— Data provided —
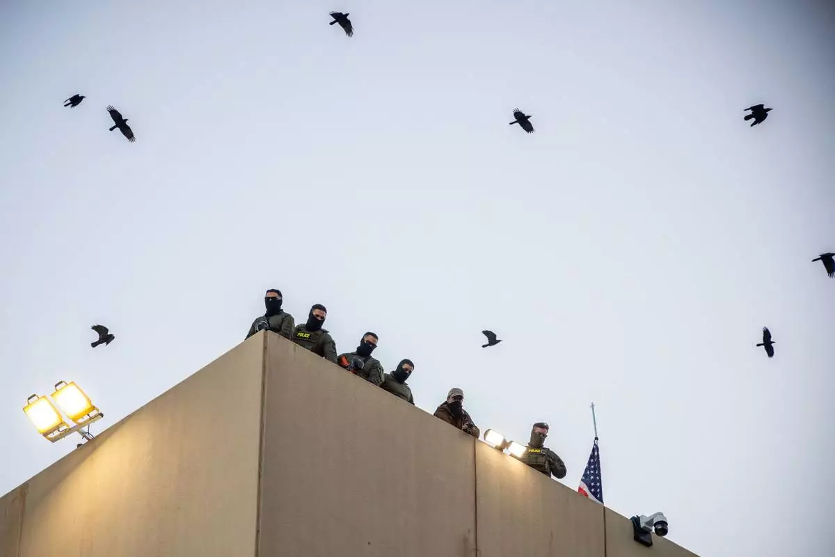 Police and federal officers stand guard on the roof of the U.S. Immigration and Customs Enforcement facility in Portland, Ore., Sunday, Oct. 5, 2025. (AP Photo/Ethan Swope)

* * *

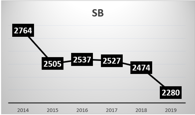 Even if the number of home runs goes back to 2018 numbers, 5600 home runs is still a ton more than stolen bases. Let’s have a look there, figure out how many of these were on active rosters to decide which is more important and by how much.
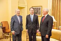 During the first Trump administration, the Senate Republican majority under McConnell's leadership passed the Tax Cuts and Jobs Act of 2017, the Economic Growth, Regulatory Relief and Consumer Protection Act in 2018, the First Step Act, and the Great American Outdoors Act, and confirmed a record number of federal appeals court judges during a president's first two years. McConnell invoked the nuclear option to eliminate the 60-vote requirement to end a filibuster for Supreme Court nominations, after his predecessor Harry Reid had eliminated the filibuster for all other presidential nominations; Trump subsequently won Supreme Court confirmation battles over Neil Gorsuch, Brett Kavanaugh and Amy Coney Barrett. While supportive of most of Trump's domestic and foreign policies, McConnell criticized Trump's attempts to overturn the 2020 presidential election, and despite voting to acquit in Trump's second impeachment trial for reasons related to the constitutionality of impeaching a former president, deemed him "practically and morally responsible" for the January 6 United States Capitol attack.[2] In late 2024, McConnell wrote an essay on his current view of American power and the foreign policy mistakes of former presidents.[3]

— Task prompt —
From the records above, output only the lines starting at the one containing "Even if the" and ending at the one containing "During the first", word for word. Pictures stay out.

— Response for this exercise —
 Even if the number of home runs goes back to 2018 numbers, 5600 home runs is still a ton more than stolen bases. Let’s have a look there, figure out how many of these were on active rosters to decide which is more important and by how much.
 During the first Trump administration, the Senate Republican majority under McConnell's leadership passed the Tax Cuts and Jobs Act of 2017, the Economic Growth, Regulatory Relief and Consumer Protection Act in 2018, the First Step Act, and the Great American Outdoors Act, and confirmed a record number of federal appeals court judges during a president's first two years. McConnell invoked the nuclear option to eliminate the 60-vote requirement to end a filibuster for Supreme Court nominations, after his predecessor Harry Reid had eliminated the filibuster for all other presidential nominations; Trump subsequently won Supreme Court confirmation battles over Neil Gorsuch, Brett Kavanaugh and Amy Coney Barrett. While supportive of most of Trump's domestic and foreign policies, McConnell criticized Trump's attempts to overturn the 2020 presidential election, and despite voting to acquit in Trump's second impeachment trial for reasons related to the constitutionality of impeaching a former president, deemed him "practically and morally responsible" for the January 6 United States Capitol attack.[2] In late 2024, McConnell wrote an essay on his current view of American power and the foreign policy mistakes of former presidents.[3]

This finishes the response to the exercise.